Ce constat est aujourd’hui connu de tous et des initiatives se multiplient pour remédier à cette situation. L’Etat, à travers notamment le plan d’accès aux soins (2017) ou la stratégie Ma Santé 2022 (2019), s’est engagé via des aides à l’installation dans les zones en tension, la révision du numerus clausus – afin d’augmenter le nombre de médecins formés – ou en permettant aux médecins généralistes à la retraite de poursuivre leur activité en cumulant salaire et cotisation retraite… Les collectivités territoriales, de leur côté, n’ont pas été en reste. Les initiatives ont été nombreuses tant à l’échelon départemental qu’au sein du bloc communal : bourses d’études accordées contre un établissement, espace de santé intégralement financé par un conseil départemental, création de centres de santé – salariant les médecins – ou de maisons de santé-pluriprofessionnelles – structures privées dans lesquelles les médecins exercent en libéral – dans de nombreuses communes ou EPCI, médecine ambulante avec financement de bus équipés, pour ne citer que quelques exemples. Même les régions ont investi le sujet en créant des maisons régionales de santé !

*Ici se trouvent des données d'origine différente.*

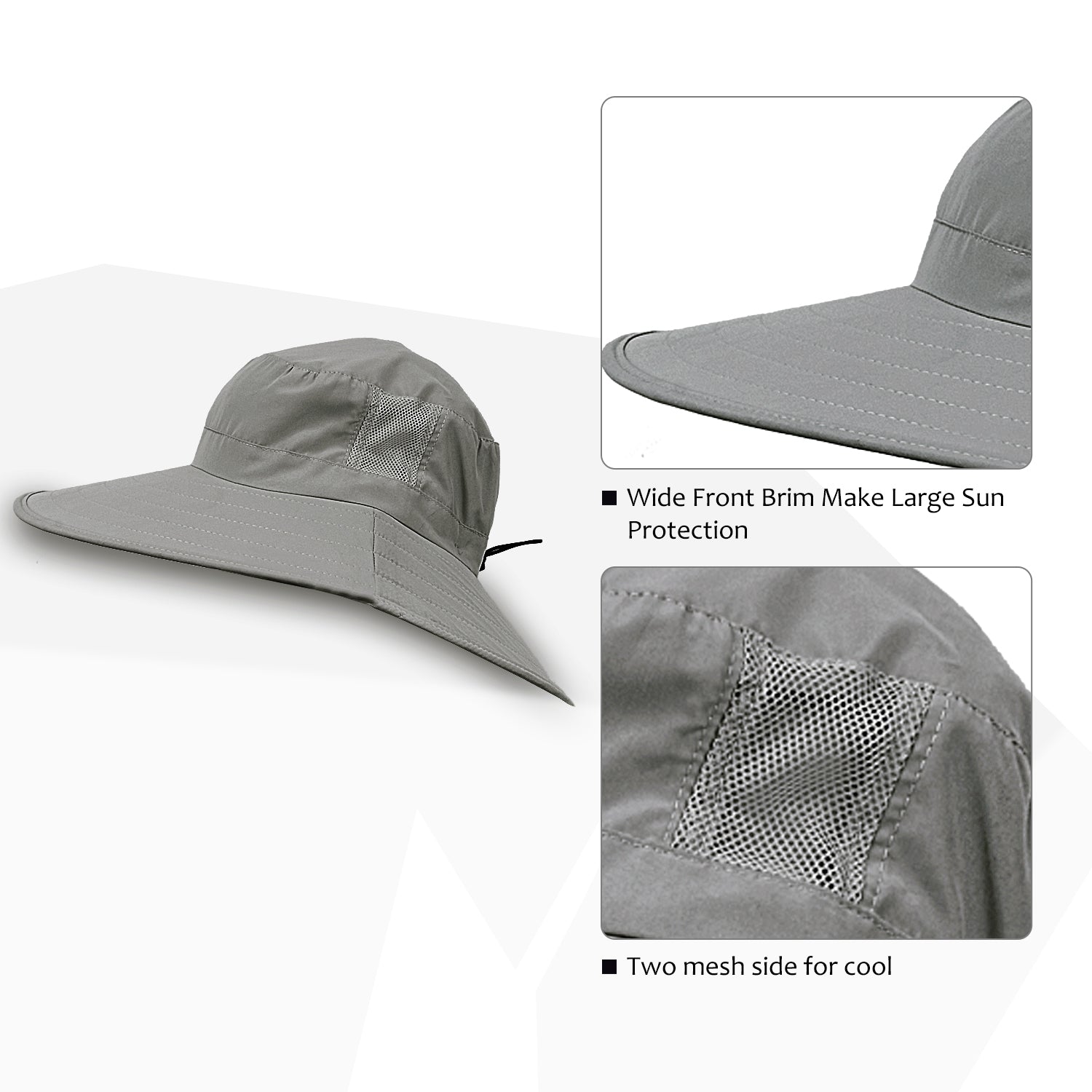 Unisex sun hat fits small head size for most men and women: head circumference 23 3/4 inches; 3.6" side brim and 4.7" front and back brim stay stiff. Rear adjustable drawstring make proper fit for your head.

Bien que nombreuses et diversifiées, l’impact de ces actions est limité. Il l’est par l’absence de coordination entre les acteurs, qui ne permet pas une priorisation en lien avec les besoins, qui souligne la difficulté de l’Etat à assumer l’équité territoriale dans l’accès aux soins de premier recours et qui amène les collectivités à tout tenter pour répondre à une problématique impactante pour leur attractivité. Il l’est également par la nature même des actions engagées. Uniquement incitatives, elles ne semblent pas en mesure d’enrayer une dynamique qui, manifestement, dépasse la seule question des avantages financiers, statutaires ou autres.

 

Un débat national pour changer la manière d’agir

Le prochain débat présidentiel doit donc permettre d’aborder cette situation et de poser les bases d’une réponse plus adaptée. Celles-ci pourraient se résumer en quatre axes : coordination, innovation, coopération, coercition.

Coordination par la mise en œuvre d’une stratégie globale, pensée conjointement par l’Etat et les collectivités, permettant de prioriser les besoins, d’améliorer l’efficacité  des actions et de limiter la concurrence entre territoires. Innovation en poursuivant toutes les nouvelles formes d’exercice médical déjà testées et notamment la télémédecine. Coopération en accentuant la possibilité faite à des professionnels de santé de réaliser certains actes habituellement réservés aux médecins généralistes. De ce point de vue les Communautés professionnelles territoriales de santé (CPTS), évoqué dans une précédente tribune, constituent un outil efficace pour y parvenir dans de bonnes conditions. Enfin, et c’est certainement ce qui sera le plus difficile à mettre en œuvre, la coercition. Une stratégie globale ne pourra être envisagée qu’en recourant à des outils permettant une régulation directe des installations. Le conventionnement sélectif – l’installation en secteur 1 dans une zone sur-dotée n’est possible que par le départ d’un médecin conventionné – ou le conventionnement individuel généralisé – c’est-à-dire une fixation d’un objectif de postes conventionnés par zones suivant les besoins – sont des idées permettant à la fois de répondre aux besoins des territoires tout en maintenant le principe de la liberté d’installation.

Si la prochaine campagne présidentielle ne permet pas d’enclencher une nouvelle dynamique, la situation de certains territoires deviendra particulièrement délicate et les mesures à engager pour y remédier ne pourront qu’être plus radicales encore.